On Wed, May 13, 2026 at 09:33:42PM +0200, Peter Zijlstra wrote:
> On Tue, May 05, 2026 at 05:09:34PM +0000, Dmitry Ilvokhin wrote:
> > Use the arch-overridable queued_spin_release(), introduced in the
> > previous commit, to ensure the tracepoint works correctly across all
> > architectures, including those with custom unlock implementations (e.g.
> > x86 paravirt).
> > 
> > When the tracepoint is disabled, the only addition to the hot path is a
> > single NOP instruction (the static branch).
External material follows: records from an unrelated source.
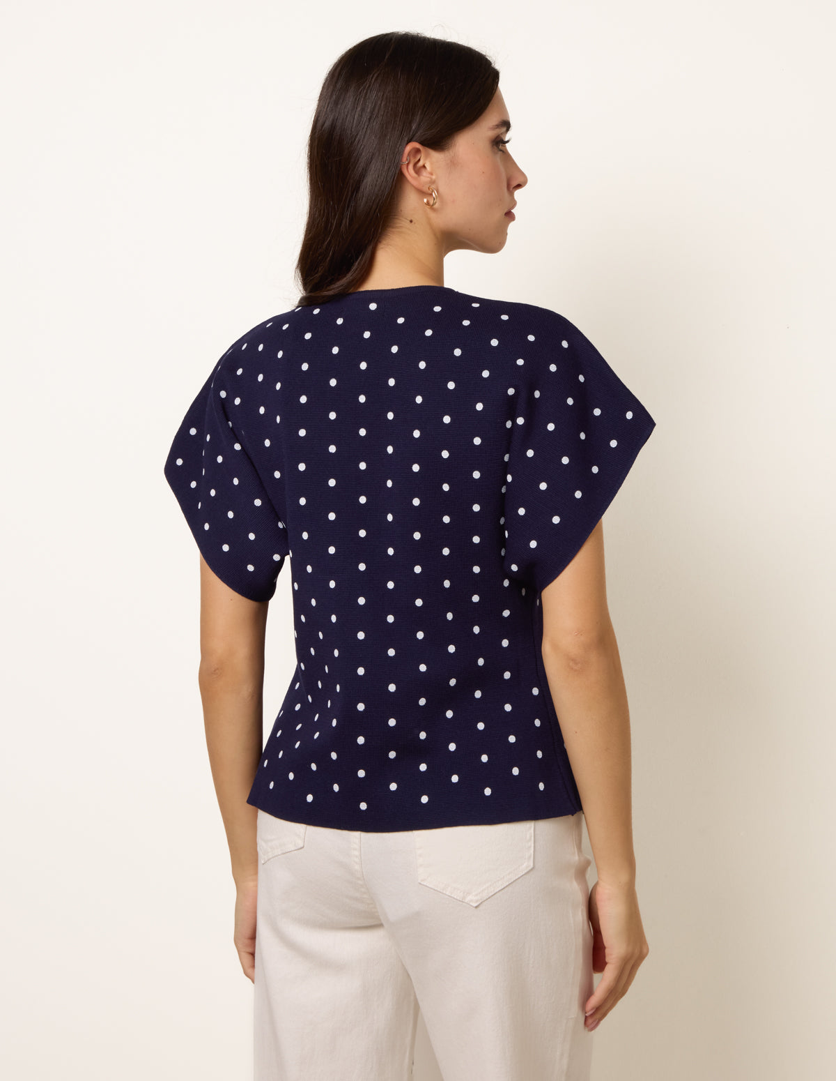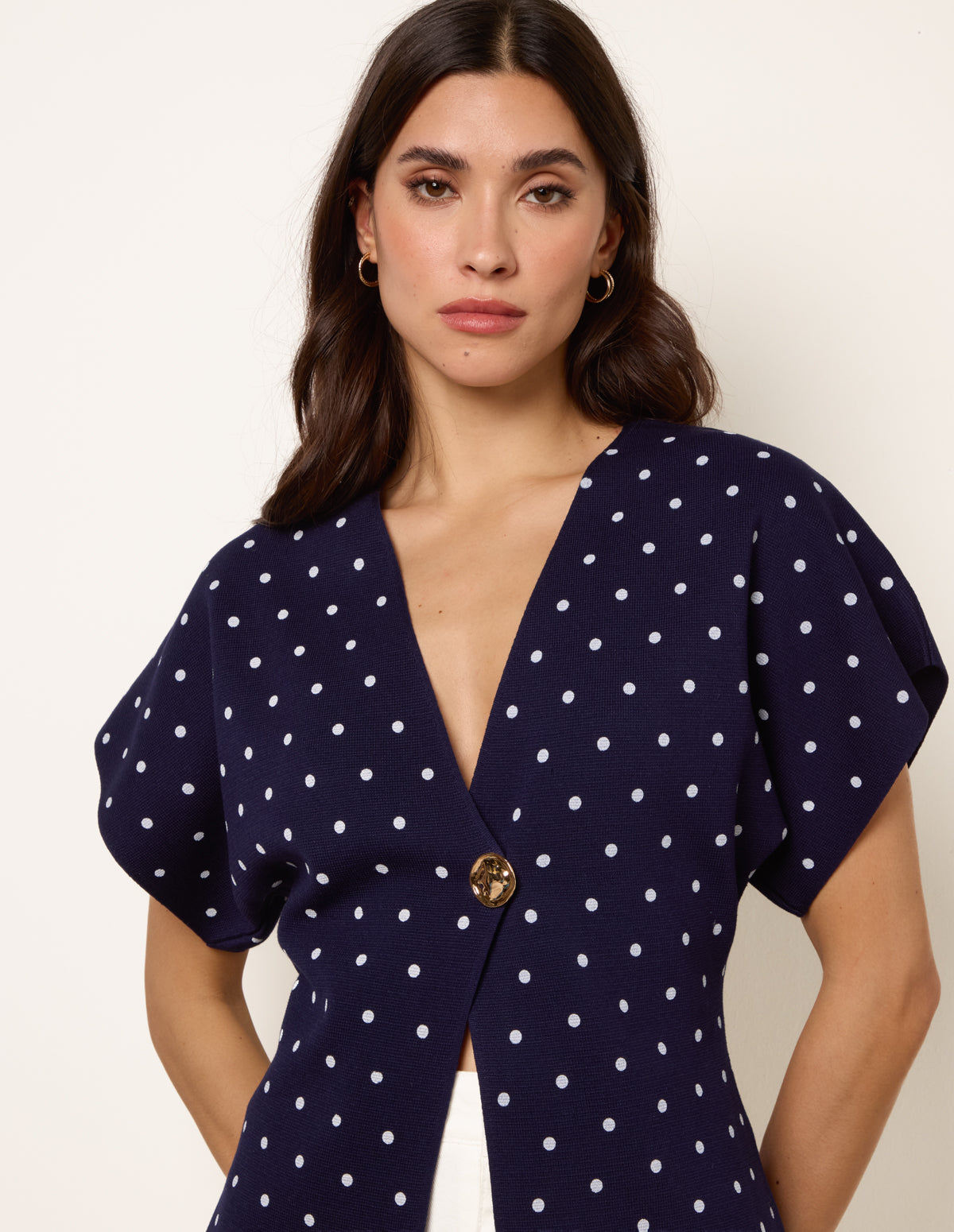 Polka Dot Short-Sleeve Knit Cardigan Top
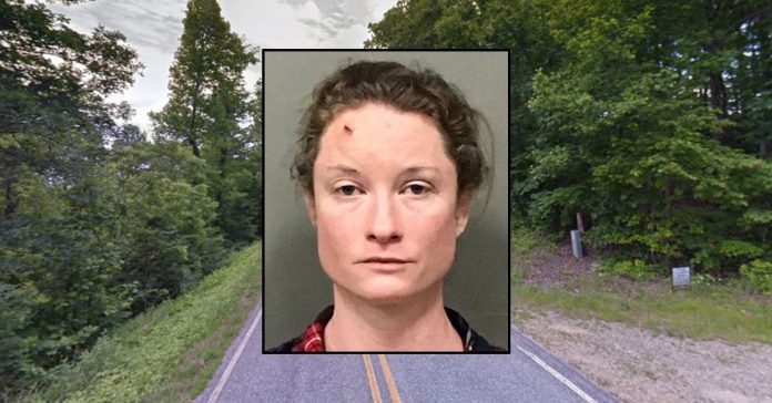 Inset: Megan Thomas (Wilkes County Sheriff’s Office). Background: The area in North Carolina where Megan Thomas lives in Moravian Falls, where she allegedly shot and killed her boyfriend (Google Maps).
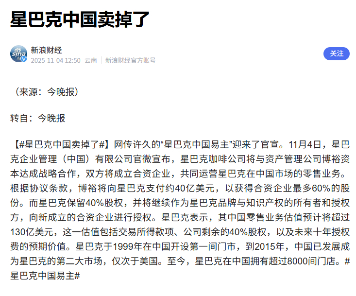 “星巴克中国卖掉了”,这个结论多少有点冒。星巴克确实将在华业务60%的股权卖给中国公司,但它仍握有40%的股权在自己手里,而且保留了对“星巴克”品牌的所有权。在新的合资公司里,中国博裕资本控股,但星巴克仍有存在感,这一调整很可能增加星巴克在中国市场的竞争力。同时,在多数中国消费者的眼里,它仍是美国品牌的咖啡店。中美公司的利益绑在了一起,美国的品牌继续保持它在中国市场上的余韵,这样的交流融合我觉得挺好的,它可以看成是全球化这条大河带来的又一块冲积平原。
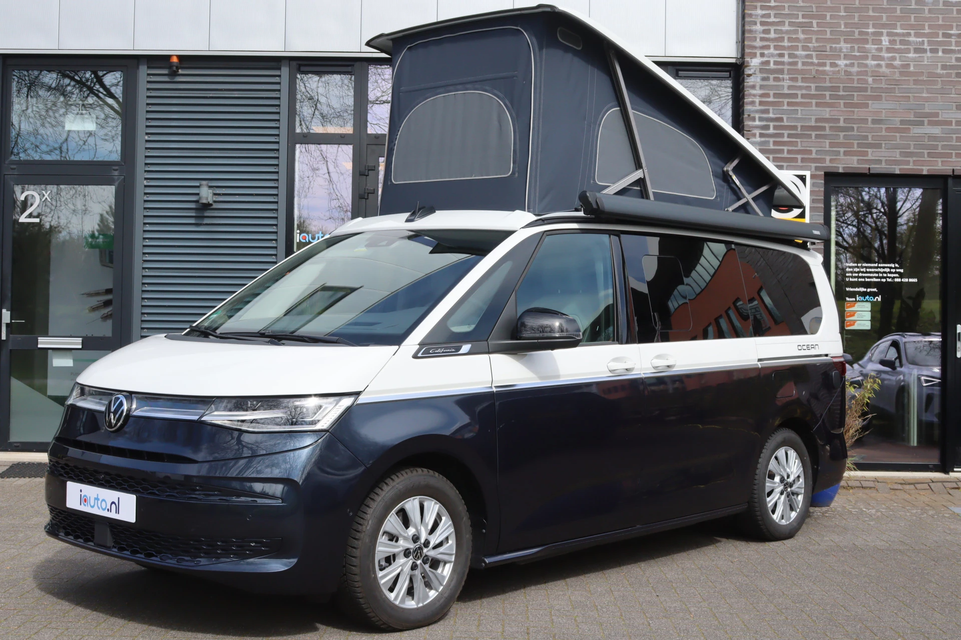 Volkswagen Multivan California T7 met de krachtige en zuinige 1.5 eHybrid 180kW/245pk Plug-in hybride motor in combinatie met de 4Motion aandrijving. In de prachtige two tone kleurencombinatie Starlight Blue metallic / Candy white in de meest luxe Ocean uitvoering met zeer veel opties, onder andere: Matrix-LED-koplamp (IQ.Light), Dynamische grootlichtregeling, Achterlichten donker getint, Navigatiesysteem Discover Pro (10"), parkeersensoren voor en achter met de originele achteruitrijcamera met 360 view, adaptieve cruise control, adaptief onderstel (DCC), dodehoek sensor, DAB+ radio, stoelverwarming en stuurverwarming, Rijstrookwisselassistent (SideAssist) met Uitparkeerassistent en Uitstapwaarschuwing, Keyless entry/start, App-Connect (Apple CarPlay/Android), Stuurbekrachtiging snelheidsafhankelijk, originele wegklapbare trekhaak, versterkte kunststof vloerbedekking in houtlook, Elektro-hydrolisch hefdak inclusief 3 ramen, vooropening en tentdoek in Basalt Grey, origineel Alarm klasse 3, Head-up display, sfeerverlichting, luifelrail aan beide zijden, deels lederen/alcantara bekleding Art-Velours en 19" inch lichtmetalen velgen met zomerbanden en 17" lichtmetalen velgen met winterbanden (gemonteerd op de foto's). Deze California wordt geleverd inclusief de originele fabrieksgarantie.
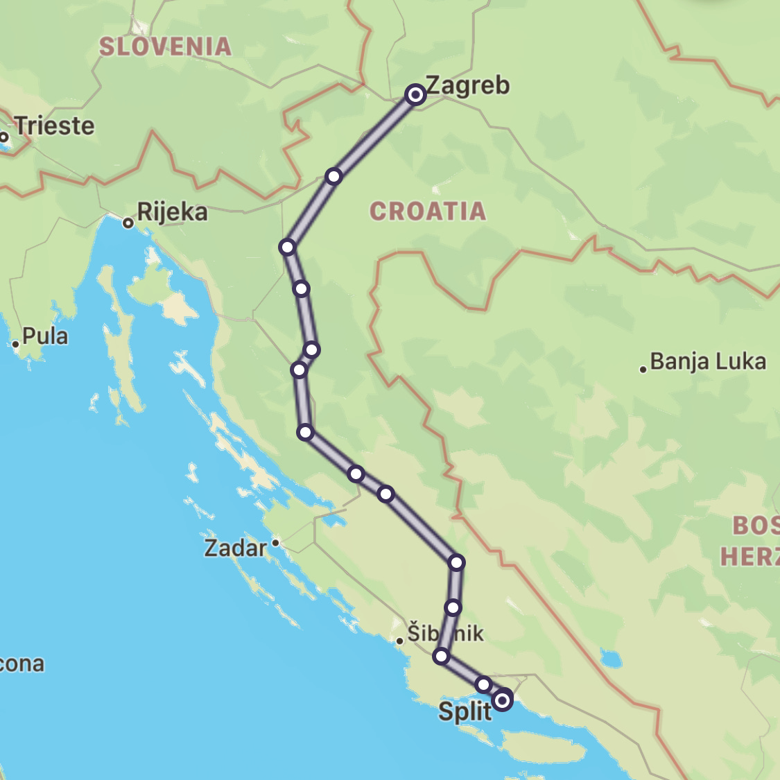The Split train station hides just off the road in front of the harbour - so easy to miss. The train to Zagreb took longer than the advertised six and a half hours thanks to slowing down to 20km/hr at intersections (which were frequent) and a fire on the tracks up ahead as we stopped in the tiny town of Unešić watching a small plane douse the flames. The staff on the train (hzpp) were very accommodating and apologetic.
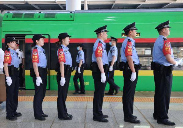 进站以后,发现站台上已经有很多工作人员在忙碌了。乘务组在列队集结,看着他们挺拔的站姿,就能体验到他们创造历史的自豪感。
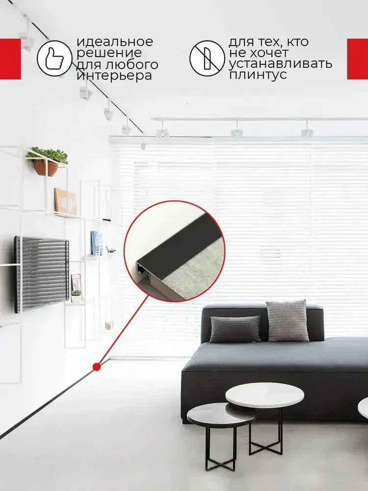 Плинтус напольный скрытый алюминиевый анодированный щелевой черный (микроплинтус) 31х20х2000мм
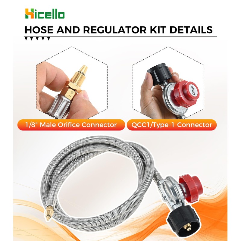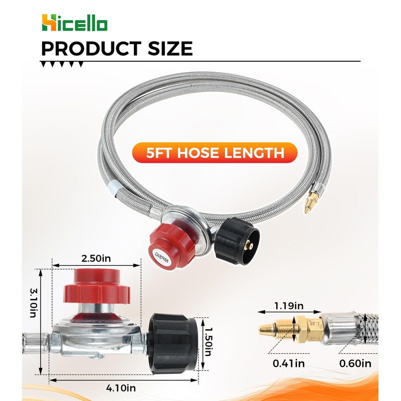 Elevate your outdoor cooking experience with the Hicello 5FT 10 PSI Adjustable High-Pressure Propane Regulator with Stainless Steel Braided Hose — a professional-grade gas regulator designed to meet the demands of high-BTU burners, turkey fryers, fish fryers, fire pits, and more.
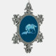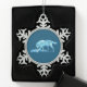 Un loup bleu stylisé (Canis lupus) projette une ombre en traversant un terrain enneigé.
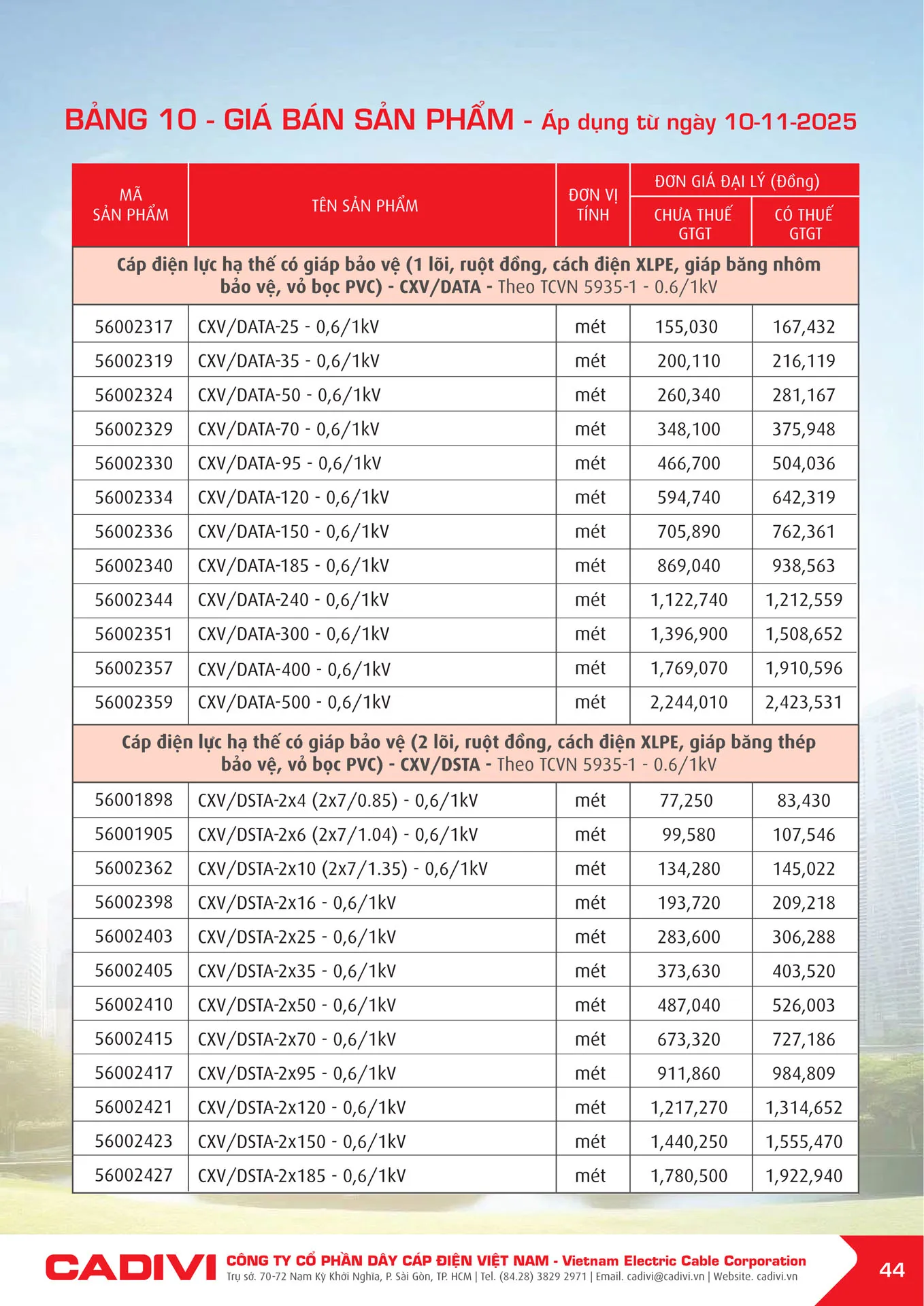 Quý khách hàng có nhu cầu mua số lượng nhiều thiết bị điện thương hiệu CADIVI, vui lòng gửi yêu cầu báo giá qua email [email protected] hoặc báo giá trực tiếp trên website để nhận chiết khấu ƯU ĐÃI TỐT NHẤT trong tháng 11.
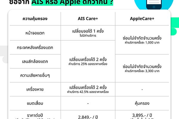 เปรียบเทียบ AIS Care+ และ AppleCare+
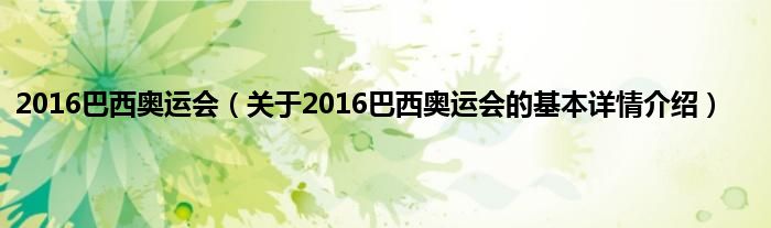 本文关于2016巴西奥运会的基本详情介绍就讲解完毕,希望对大家有所帮助。
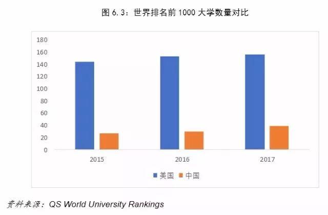 高等教育是一个国家教育实力的综合体现。从QS世界大学排名来看,中国顶尖高校的整体实力远不如美国。近三年来,中国平均每年有32所高校入围世界排名前1000高校名单。2017年最多,有39所,排名最靠前的清华大学位列名单第25位;而美国平均每年有152所大学入围,2017年高校数量达157所。中美高等教育的之间巨大差距有历史原因,冰冻三尺非一日之寒,中国教育水平想超越美国仍有很长的路要走,为山九仞,岂一日之功。
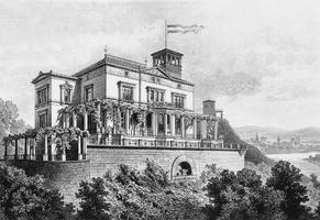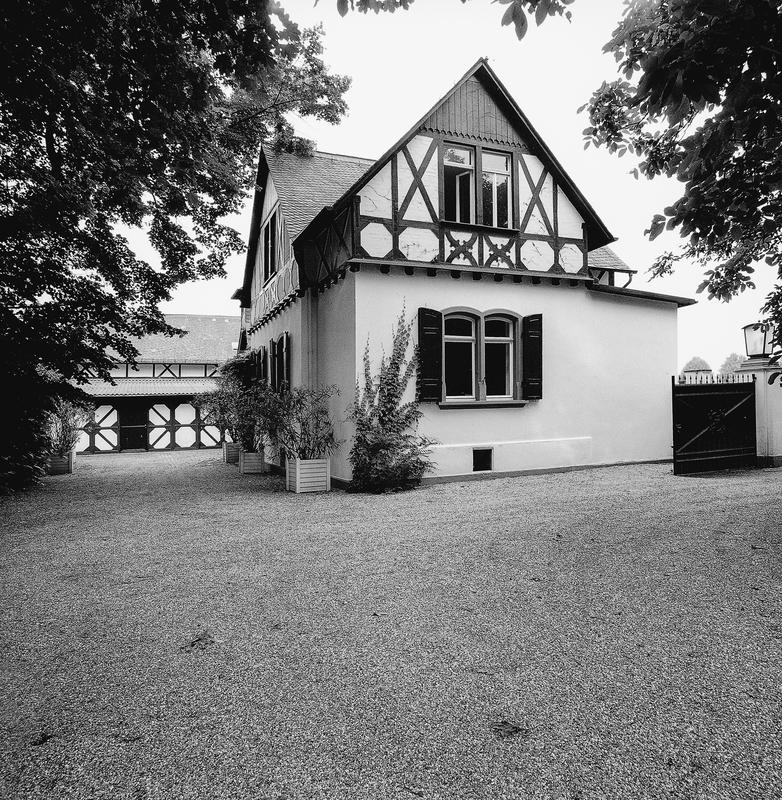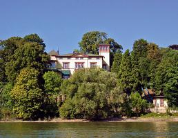 Repräsentatives spätklassizistisches Landhaus. Symmetrisch dreigeteilter Hauptbau auf Rechteckgrundriss mit flachem Walmdach, daran seitlich angeschobene Elemente, ein Aussichtsturm mit offenem Obergeschoss und ein nachträglich mit Pyramidendach versehener Anbau. Die den Charakter des ländlichen Sommersitzes unterstreichende Pergola zur Rheinseite wurde nach 1965 entfernt. Der Entwurf zeigt außerdem eine geschossweise differenzierte Quaderung. Jetzt glatter Putz mit sandsteinroten Werkteilen. Fenster der Hauptgeschosse mit Pilasterumrahmung. Im Inneren teilweise geometrischer Deckenstuck; eine kassettierte und bemalte Holzdecke im Erdgeschoss. Große Terrassenanlage mit bastionsartigem Baumrondell über dem steil abfallenden Hang.
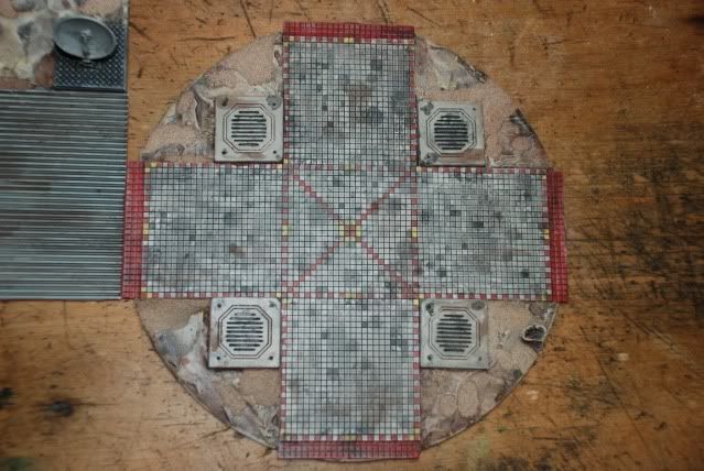I'm going to be trying to get rid of all the 40k bits, but the is covered in them! But this is the main landing pad in my 15mm star port. The smaller pads are coming from the hexagon kits, as used here -

When enabled, the contention
> > check, trace call, and unlock are combined in an out-of-line function to
> > minimize hot path impact, avoiding the compiler needing to preserve the
> > lock pointer in a callee-saved register across the trace call.
> > 
> > Binary size impact (x86_64, defconfig):
> >   uninlined unlock (common case): +680 bytes  (+0.00%)
> >   inlined unlock (worst case):    +83659 bytes (+0.21%)
> > 
> > The inlined unlock case could not be achieved through Kconfig options on
> > x86_64 as PREEMPT_BUILD unconditionally selects UNINLINE_SPIN_UNLOCK on
> > x86_64. The UNINLINE_SPIN_UNLOCK guards were manually inverted to force
> > inline the unlock path and estimate the worst case binary size increase.
> > 
> > In practice, configurations with UNINLINE_SPIN_UNLOCK=n have already
> > opted against binary size optimization, so the inlined worst case is
> > unlikely to be a concern.
> 
> This is not quite accurate. You add the (5byte) NOP for the static
> branch, but then you also add another 5 bytes for the CALL and at least
> another 2 bytes (possibly 5) for a JMP back into the previous stream.
> That is 12-15 bytes added to what was a single MOV instruction.
> 
> That is quite ludicrous.

Thanks for the feedback, Peter. This is exactly the kind of feedback I
was looking for.

I understand your concerns and initially I had exactly the same
thoughts, and after I looked into the generated code more carefully the
impact on the executed path is smaller than the total size increase
suggests.

Generated code of _raw_spin_unlock() for baseline (before the patch) is
31 bytes in total (x86_64, defconfig, GCC 11).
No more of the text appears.